Identification of Novel Malaria Transmission-Blocking Vaccine Candidates

Abstract

Control measures have significantly reduced malaria morbidity and mortality in the last two decades; however, the downward trends have stalled and have become complicated by the emergence of COVID-19. Significant efforts have been made to develop malaria vaccines, but currently only the RTS,S/AS01 vaccine against Plasmodium falciparum has been recommended by the WHO, for widespread use among children in sub-Saharan Africa. The efficacy of RTS,S/AS01 is modest, and therefore the development of more efficacious vaccines is still needed. In addition, the development of transmission-blocking vaccines (TBVs) to reduce the parasite transmission from humans to mosquitoes is required toward the goal of malaria elimination. Few TBVs have reached clinical development, and challenges include low immunogenicity or high reactogenicity in humans. Therefore, novel approaches to accelerate TBV research and development are urgently needed, especially novel TBV candidate discovery. In this mini review we summarize the progress in TBV research and development, novel TBV candidate discovery, and discuss how to accelerate novel TBV candidate discovery.

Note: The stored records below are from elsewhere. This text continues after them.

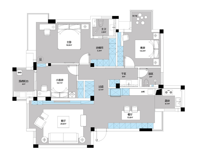 1.打掉北面陽臺納入到餐廳,把餐桌靠墻利用卡座的位置來節(jié)約空間,在餐廳處設計了西廚水吧區(qū),來延伸廚房的功能,這樣優(yōu)化后,各個空間的位置都可以互相利用。
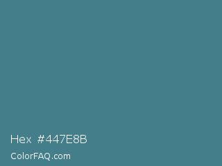 Hex #447e8b Color is a normal cyan color and the nearest color is Smalt Blue #51808f. Hex code #447e8b and RGB value is rgb(68,126,139). In RGB color space, this color is composed of 27% red, 49% green, 55% blue, In CMYK color space, this color is composed of 51% cyan, 9% magenta, 0% yellow , 45% black , In HSL color space, this color has a hue angle of 191° , 34% saturation and 41% lightness.
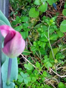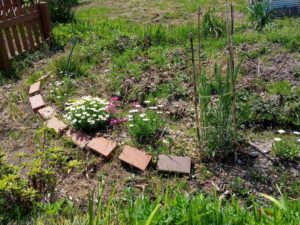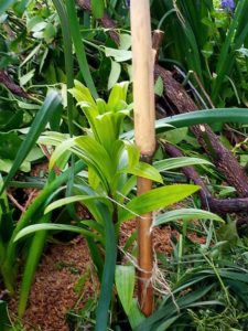 6時から2時間の庭仕事です。朝から結構風が”やや強い”状態です。主な仕事は脇の通路のキャベツの点検と蚕豆の結び直しでした。後は10㎝以上になったジャガイモの初結びでした。
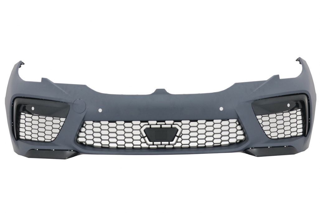 Front Bumper equipped with a lower central grille side grilles painted in piano black color with a tow hook cover and PDC holes – 6 sensors
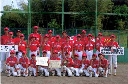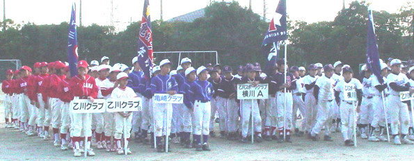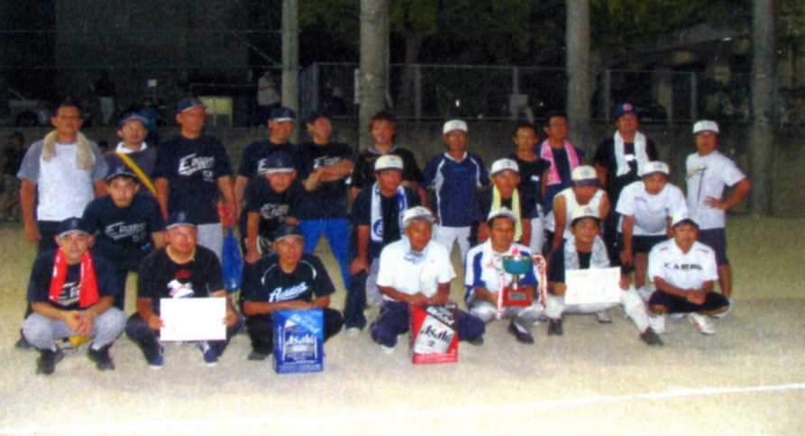 | 7月3日〜9月4日まで毎土曜日にナイターで繰りひろげられた 熱戦を制し、乙川東クラブ がみごと初優勝を飾りました。 |
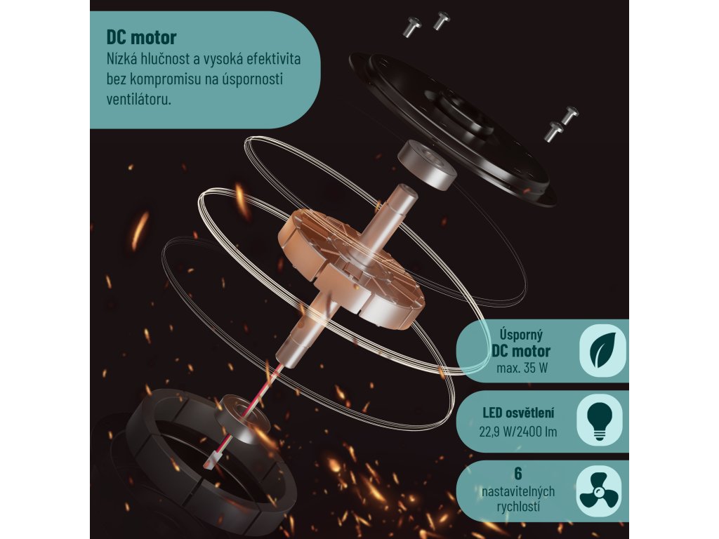 Tento stropní větrák jsme vybavili DC motorem s maximálním výkonem 35 W. Oproti klasickým AC motorům využívá elektronickou komutaci, a díky tomu spotřebovává až 50 % méně energie, čímž šetří nejen vaši peněženku ale i planetu.
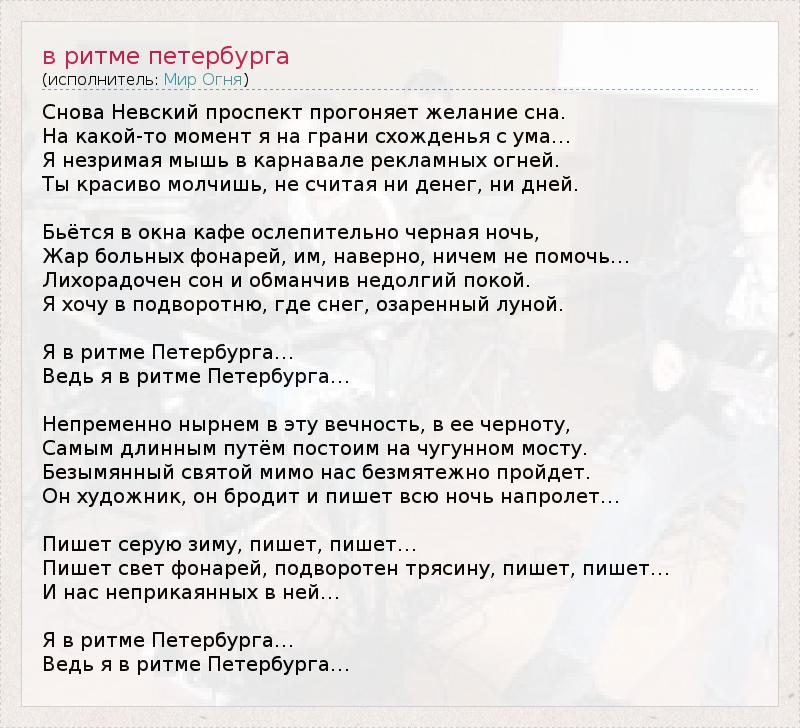 ГлавнаяИсполнителиМир Огняв ритме петербурга
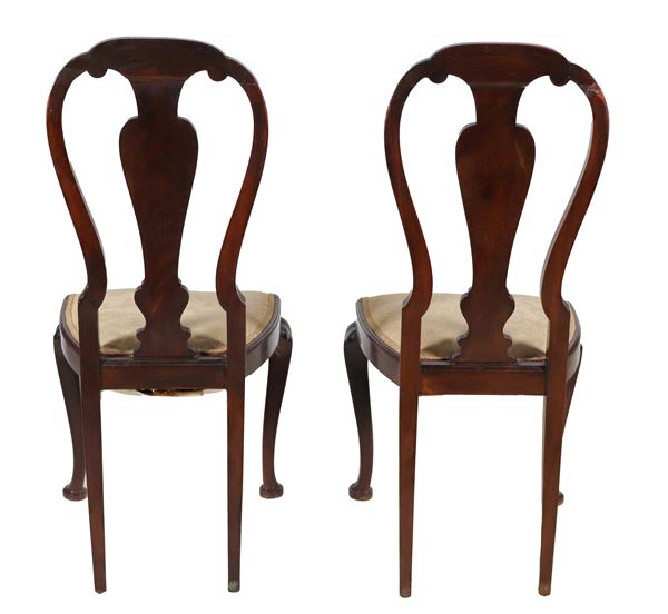 Coppia di antiche sedie in noce di linea Luigi XV, con schienali alti a cabriolet e quattro gambe ricurve
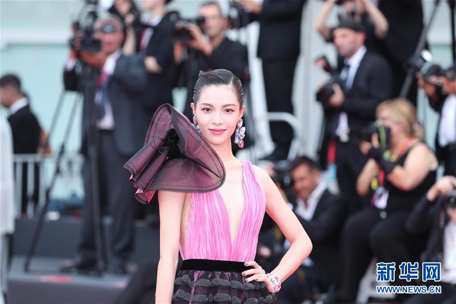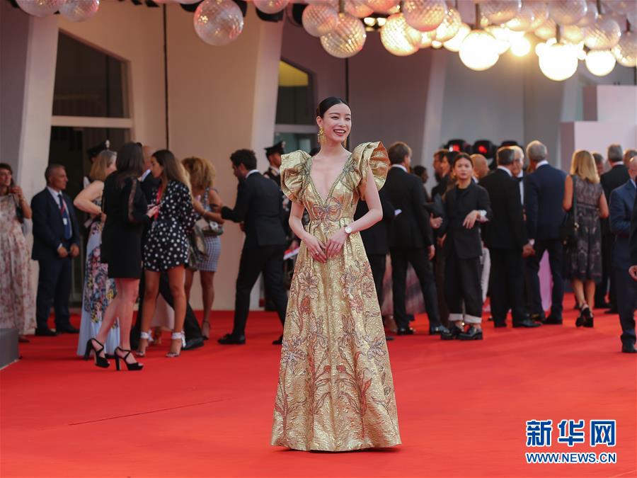 8月28日,在意大利威尼斯,中國演員鐘楚曦亮相開幕式紅毯。新華社記者 程婷婷 攝

Keywords: Plasmodium; immuno-profiling; malaria; reverse vaccinology; transmission-blocking vaccine (TBV); wheat germ cell-free system (WGCFS).

Figure 1

Expression of malaria transmission-blocking vaccine (TBV) target antigens. Sexual developmental stages of malaria parasites in humans (gametocytes) and mosquitoes (gametes, zygotes, and ookinetes) are schematically presented. The TBV candidate antigens (Table 1) are categorized as pre-fertilization antigens (mainly expressed in the sexual stages of parasites before fertilization), and post-fertilization antigens (mainly expressed in the sexual stages of parasites after fertilization). Mosquito midgut antigen, AnAPN1, is also presented as a TBV candidate.